晶瑩的紅酒在高腳杯里瑩瑩發光,看著孟千帆那剛毅的側臉,她從內心感謝上蒼至少待她不薄,能讓她遇上這麼一個人,雖然沒有一點血緣關系,卻比有血緣關系的人待她還要好。

對于別人來說,十八歲的生日或多或少有一點重要,然而對于這個母親不疼的她,十八歲卻是個和平常沒有倆樣的日子。

記得四年前的孟塵和倆年前的孟煙十八歲生日是多麼的轟動,名人淑媛,孟家一整天是門庭若市。

而今日,孟家大宅一個房間的陽台上卻躺著一個人,十八歲的她真的如街上那些女人說的般,長得比她媽還要精致,桃花眼勾魂奪魄,漣漣欲滴,唇不染自絳,巴掌大的小臉膚如凝脂。

她扯起嘴角,笑容帶著苦澀,從小到現在,她哪次過過生日呢?

林菁荷如今正忙著她的成衣鋪,早上她上學時她未起床,晚上她睡覺時她才和丈夫回家,算算看,一個月下來看到的次數居然十個手指都不到。

孟千尋雖然物質上從不虧待她,但畢竟不是親生的,多多少少沒有對親生兒女般那麼慈愛,關注,他也很少問母親詢問關于她的事情,或許他可能連她今年幾歲都不知道吧。

林淺拍了拍自己的臉讓自己清醒,其實現在已經很不錯了,下雨天有司機接送,不用擔心回家路上鞋子又被淋濕,回家準時開飯,不用擔心餓肚子,有佣人做家務,不會在冬天把手凍得通紅,這一些,以前哪有權利可以享受。

夜色陰暗,星星點點,身後傳來一陣腳步聲,那股清清淡淡的味道,不似香水,是他身上貫有的味道,他在她身邊坐下,挺拔的身子讓本來寬敞的地方變得有點小。

「大冷天坐外邊就不怕生病?」

林淺揉了揉已經被凍得通紅的鼻子,「我哪有那麼嬌女敕。」

孟千帆扣了扣她光潔的額頭,「嘴硬……去換身衣服,我帶你出去。」

林淺蹙起眉頭,「你忘了我是快要畢業的高中生,每分每秒都很珍貴嗎?」。話雖這麼說,她還是從衣帽間里拿出衣服去浴室換上。

緊貼腰身的裙子套上一個藍色的大衣,勻稱修長的腿上是一條黑色的修身褲,林淺平時都很注重自己的打扮,衣服不管是不是名牌,經她的搭配都能搭出亮點,或許是她天生對這些色彩和線條比他人敏感,多年後的國際著名設計師榜單上才能列出她的名字。
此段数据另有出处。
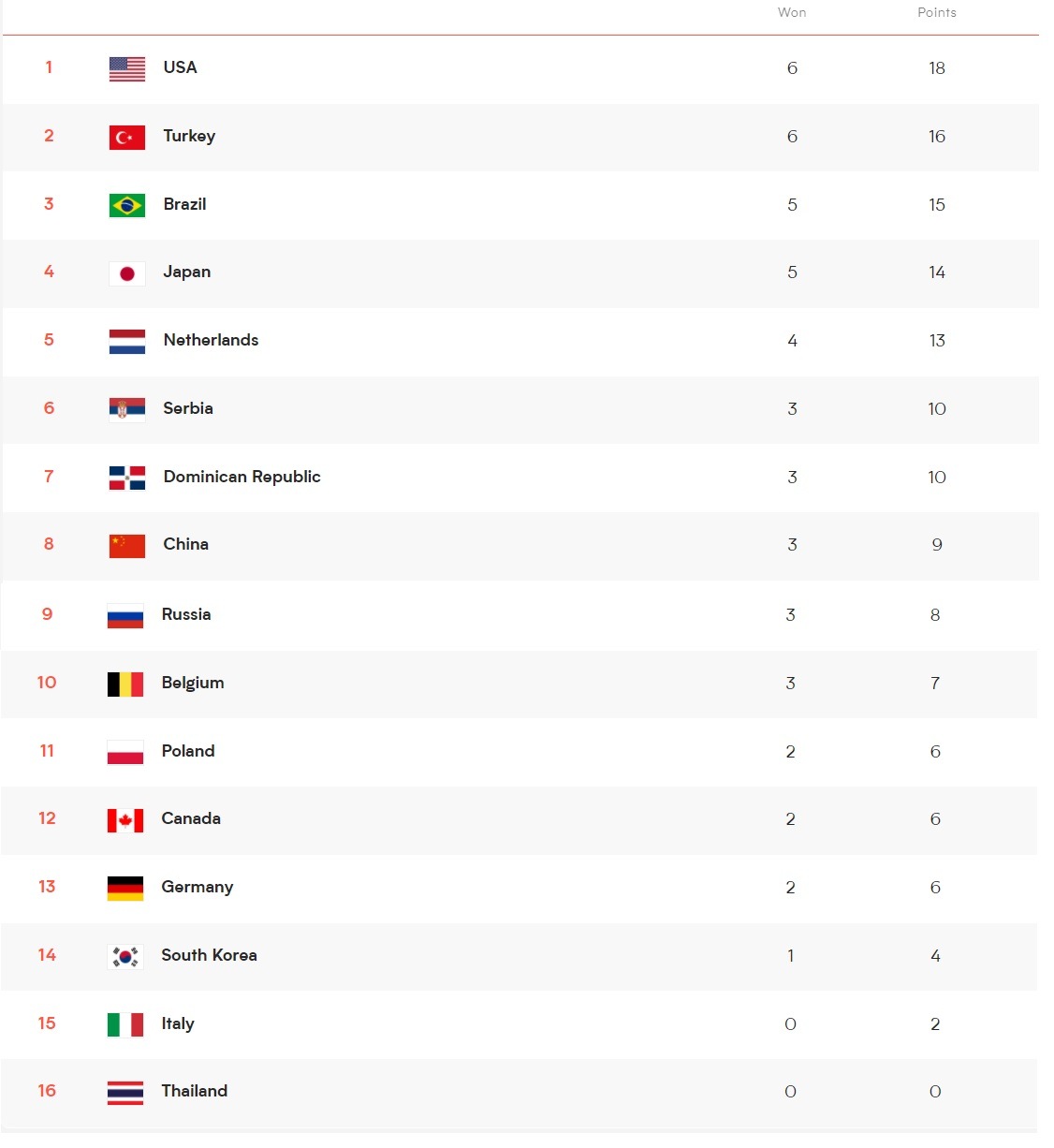 Milletler Ligi’ne son dünya ve Avrupa şampiyonu Sırbistan’ı 3-2 yenerek başlayan ay-yıldızlı ekip, sonrasında ev sahibi İtalya’yı 3-0’la geçti. Üçüncü maçında Polonya’yı 3-1 mağlup eden A Milli Takım , dördüncü müsabakasında Kanada’yı 3-2 ve beşinci müsabakasında Almanya’yı 3-0 mağlup etti. Ay-yıldızlılar, altıncı maçında da son olimpiyat şampiyonu Çin’i 3-0 yenerek 6’da 6 yaptı.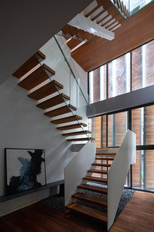 Một khu vực cầu thang khác được kết hợp giữa kính và gỗ. Điểm nhấn chính là tấm thảm màu xám ở chân cầu thang, tạo thành một góc nghỉ ngơi thư giãn rất hợp lý.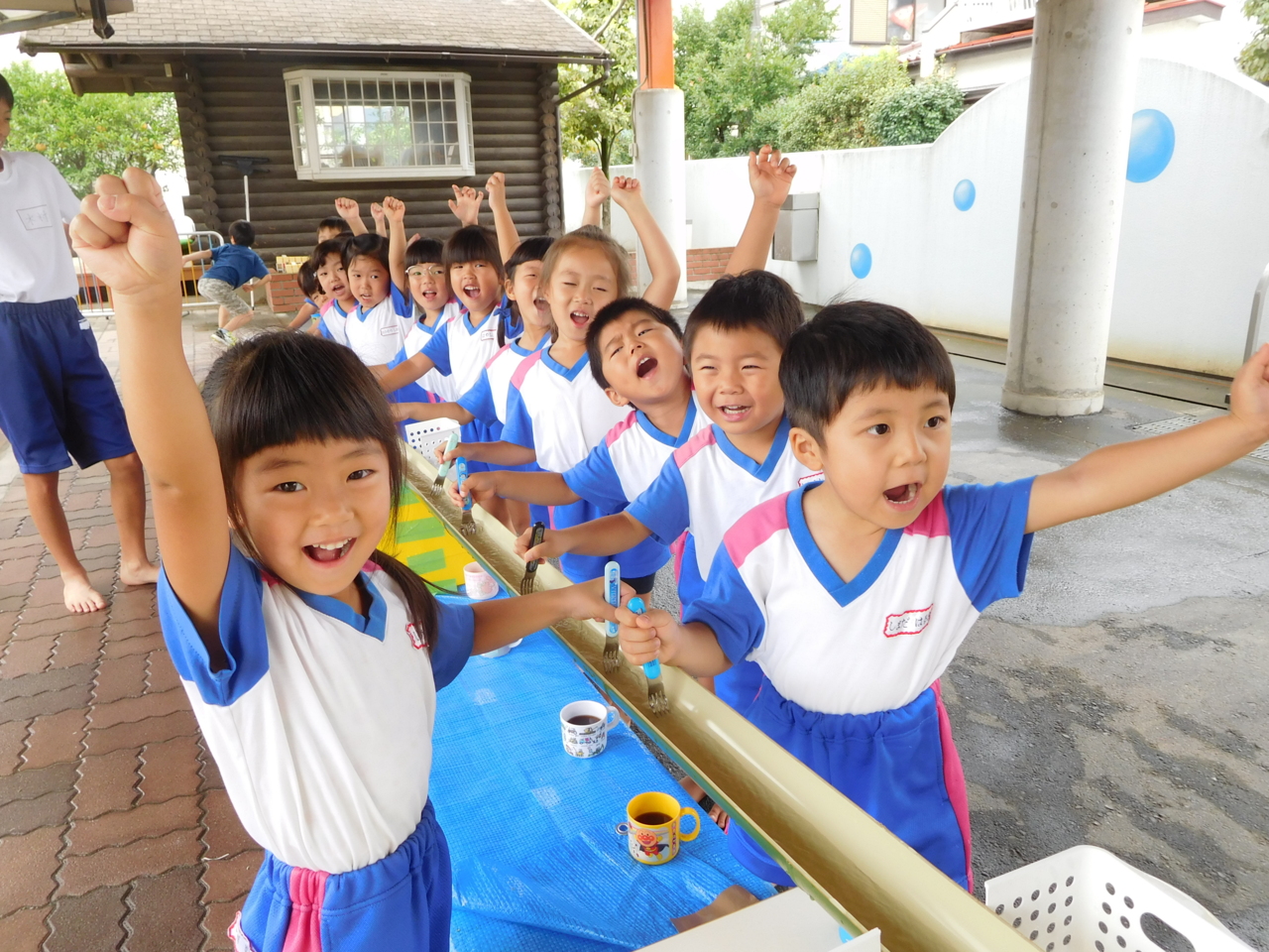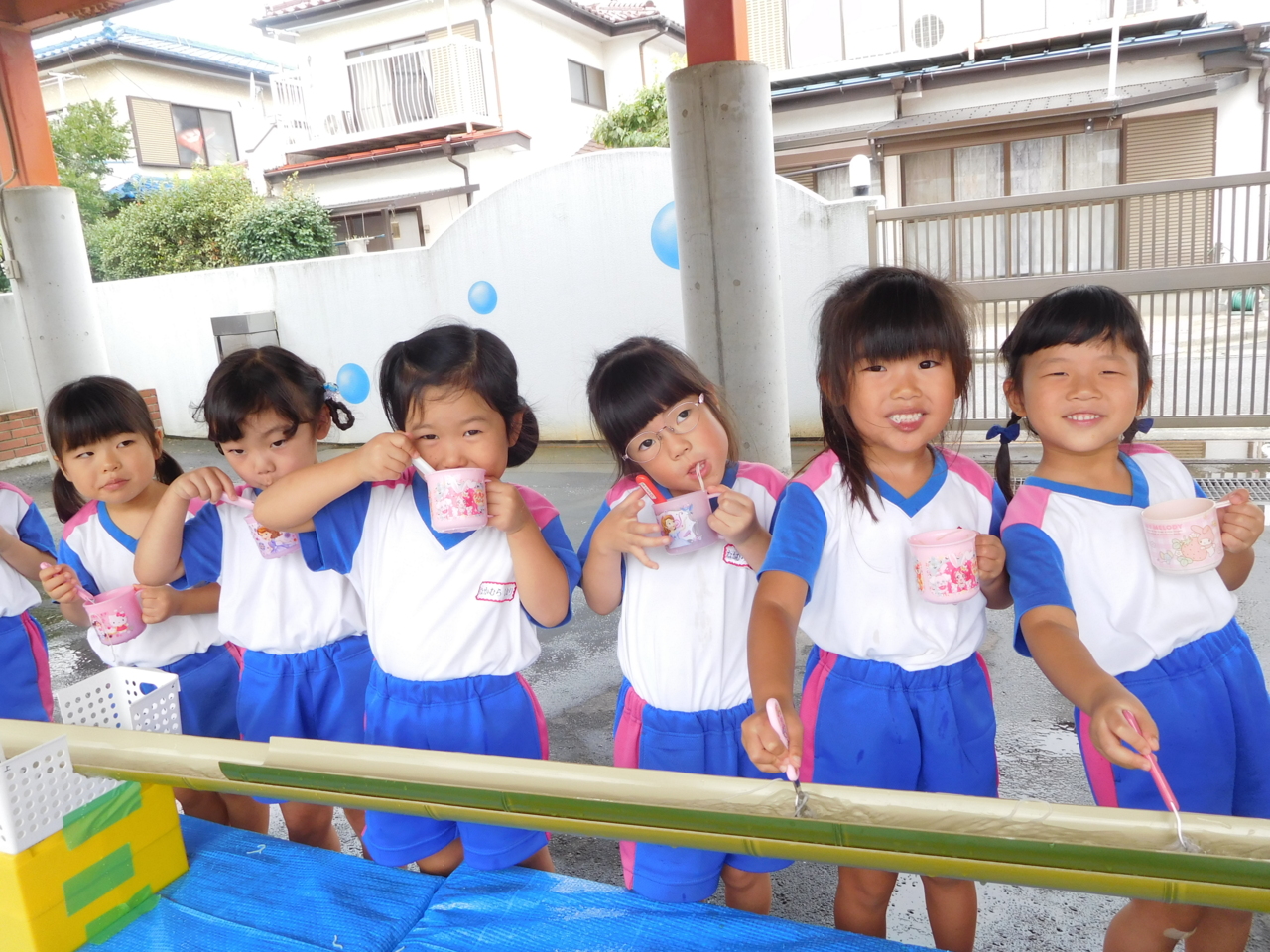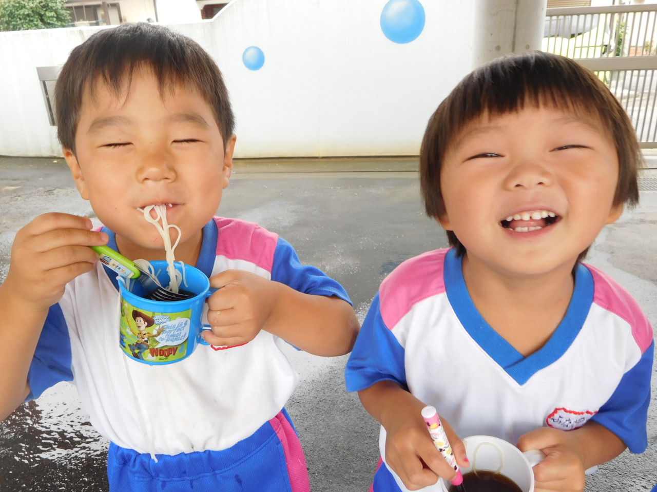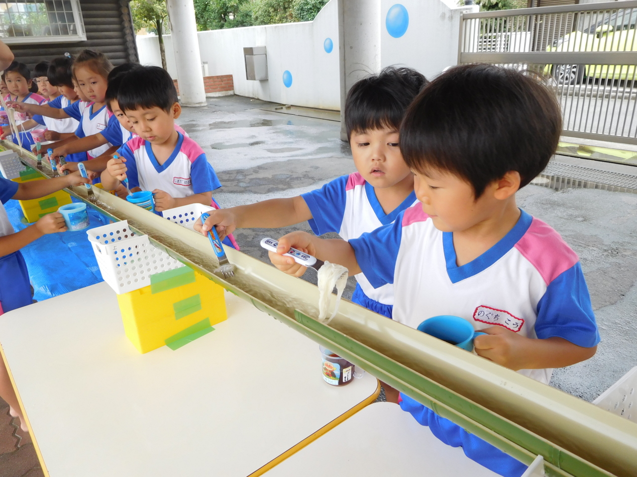 夏休みのお楽しみ第2弾は、流しそうめん大会! 朝からウキウキワクワクの子どもたちでした☆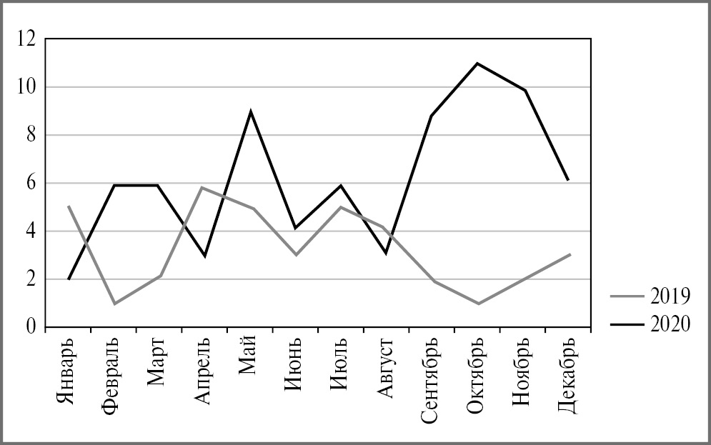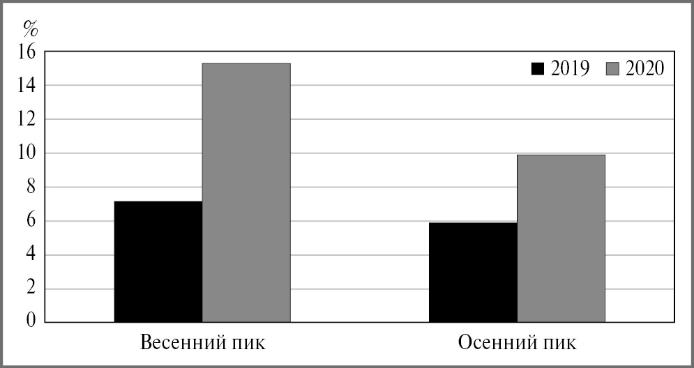 Зафиксировано 2 пика пневмоний – это май и сентябрь-ноябрь 2020 г. (см. рис. 1). В нашей статье мы будем их называть весенним и осенним периодами.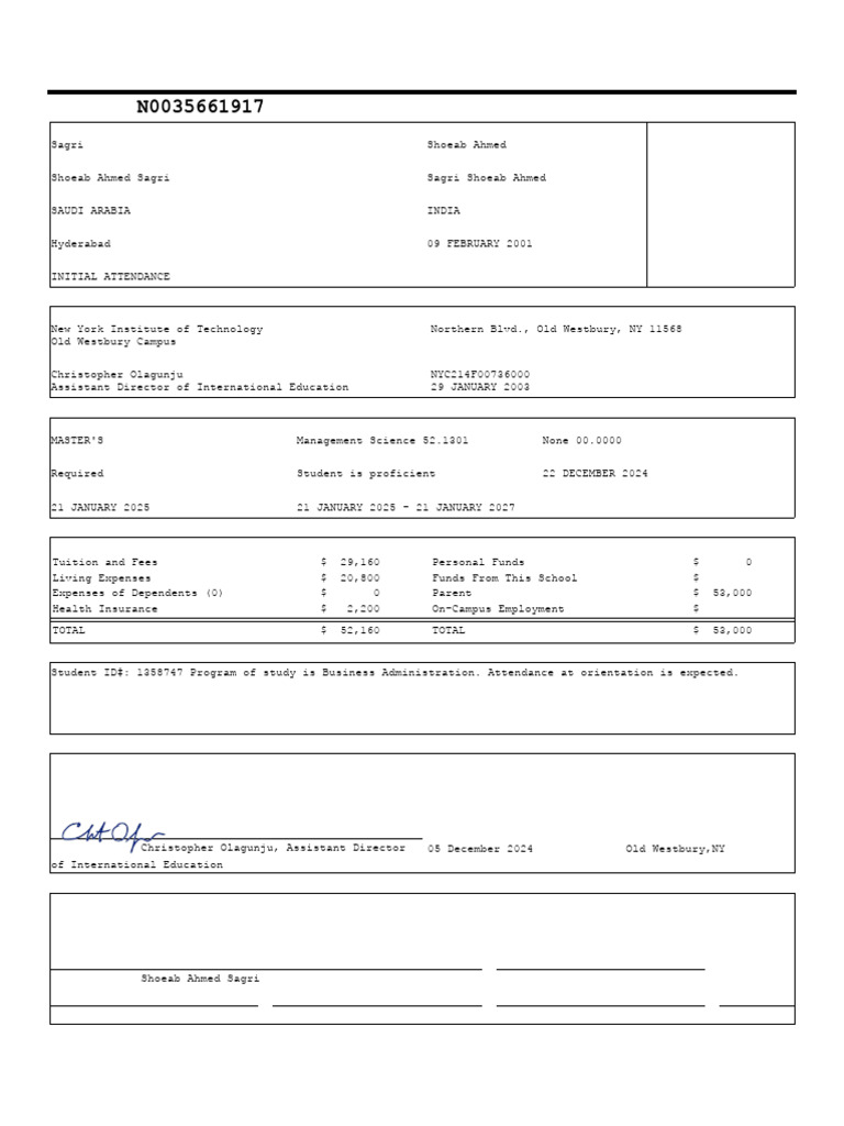 SEVIS ID: N0035661917 (F-1) NAME: Shoeab Ahmed Sagri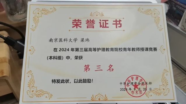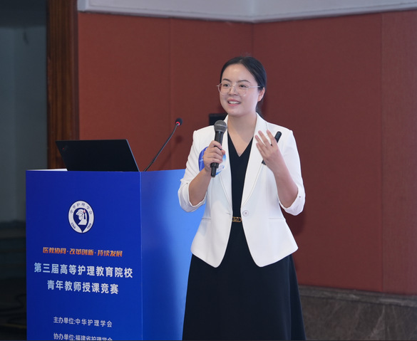 护理人文与管理学系梁玮老师参加了同期举办的第三届高等护理教育院校青年教师授课竞赛。梁玮老师参赛的题目是“共情表达技能”,围绕如何实现共情式护患沟通,在学院专家和课程团队的指导下,精心设计课程内容、教学方法和课程思政元素,以自信大方的教态完成了比赛。荣获本科组第三名。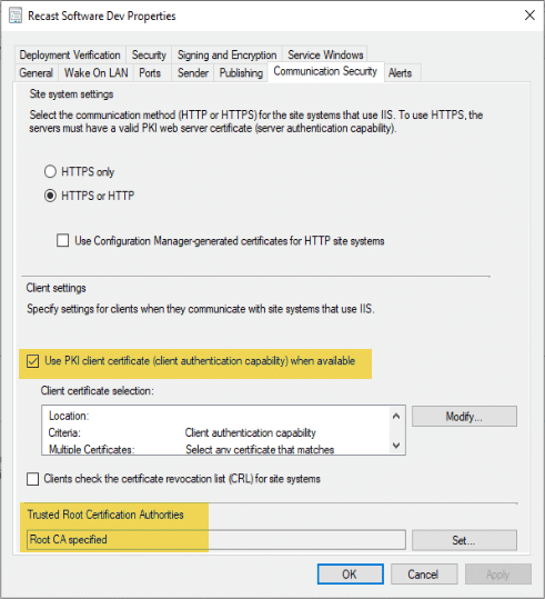 One more thing we’ll want to do in CM is allow CM to use the PKI cert. [MS Docs]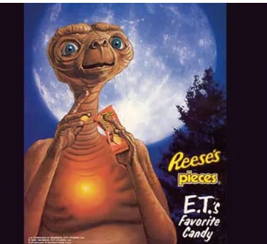1982 - When E.T. famously reached for Reese's Pieces, it wasn't just a win for intergalactic friendship but a masterstroke in product placement that marketers still talk about. This scene didn't just boost Reese's sales; it showed the power of aligning a brand with the right moments, highlighting the impact of smart, memorable marketing.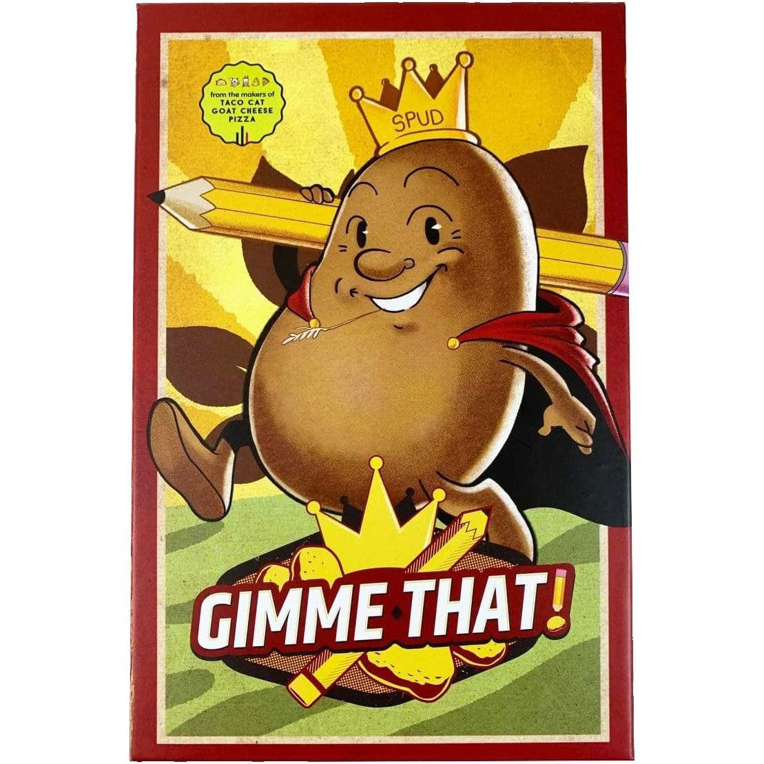 Gimme That! is the wild potato mashing, high frying, pencil grabbing party game. As a new recruit for the Bureau of Spud Management, your assignment is counting potatoes. But – watch out! Everyone else has the same job and there’s only one pencil. Will you be the next Spud King?

林淺的生日在冬天,南方這里的冬天很濕冷,夜晚的天空很暗,寒風呼呼,孟千帆如今事業有成,在外面有很多房產,所以現在他很少回老宅。

這一處是郊區的一棟別墅,這片地方還未開發,所以顯得有些蕭條。

別墅外牆是磚紅色,從外看去可以看到一個露天的陽台,前院是還未開坑的土地,那干巴巴的泥土與這棟別墅有點格格不入。

今夜的星星特別亮,躺在那鋪著絨毯的搖椅上,林淺嘴邊掛著的是一抹淺淺的笑,卻也是最真心的笑。

「mango-mousse淋上strawberry-jam,淺淺,生日快樂。」

孟千帆不知從哪里變出個慕斯,黃色的慕斯上淋著紅艷艷的草莓醬,誘-惑人心。

林淺吃了一口,芒果的清香和草莓醬的甜而不膩融合在口中,糯糯的,如此刻她的心。

這個世上,總有一個人,他或許清冷,但卻永遠在你清冷時給你如春日般舒適的溫暖。

「孟千帆,謝謝。」……

謝謝你在我一個人面對孟煙時給我一只寬厚溫暖的手掌,謝謝你在我一個人以為十八歲的生日如往年般悄然而過時給我第一個份生日禮物,謝謝你在我一個人學業歸國時默默地為我鋪路。

謝謝你,總是在我回頭時知道,原來,我不是一個人在走。

那一晚,黑暗的蒼穹璀璨的煙花綻放,即使它如雲花一現,卻永遠銘刻在她的心底。

那一晚,夜格外的冷,而他的嘴角綻放的是如春風般溫潤爾雅的笑容。

那一晚,星星明亮,卻抵不過那雙如深潭般帶著誘-惑的黑眸……

「怎麼一個人坐在這?」

mark還未聯系上這里的朋友,所以剛剛孟千帆開車送他回酒店。

林淺抬頭望著那如芝蘭般玉樹臨風的身影,晃了晃手上的紅酒,「陪我喝杯酒好嗎?」。

孟千帆在她身沿坐下,「只要你不發酒瘋。」

林淺努了努嘴,誰發酒瘋了。

推杯換盞,兩人無言,靜悄悄的夜是杯子踫觸的聲音,敲打著兩顆漸漸溫暖的心。

「在國外過得好嗎?」。

國外呀?如果她說,她剛去巴黎連一整句法語都不會,在商店櫃台比劃了大半天導購小姐才知道她要買什麼。

如果她說,因為長得好看被人追求,有個女的扇了她一巴掌。

如果她說,她在國外,每時每刻,都在想著十八歲的那一夜,想那淋著strawberry-jam的mango-mousse,想……他。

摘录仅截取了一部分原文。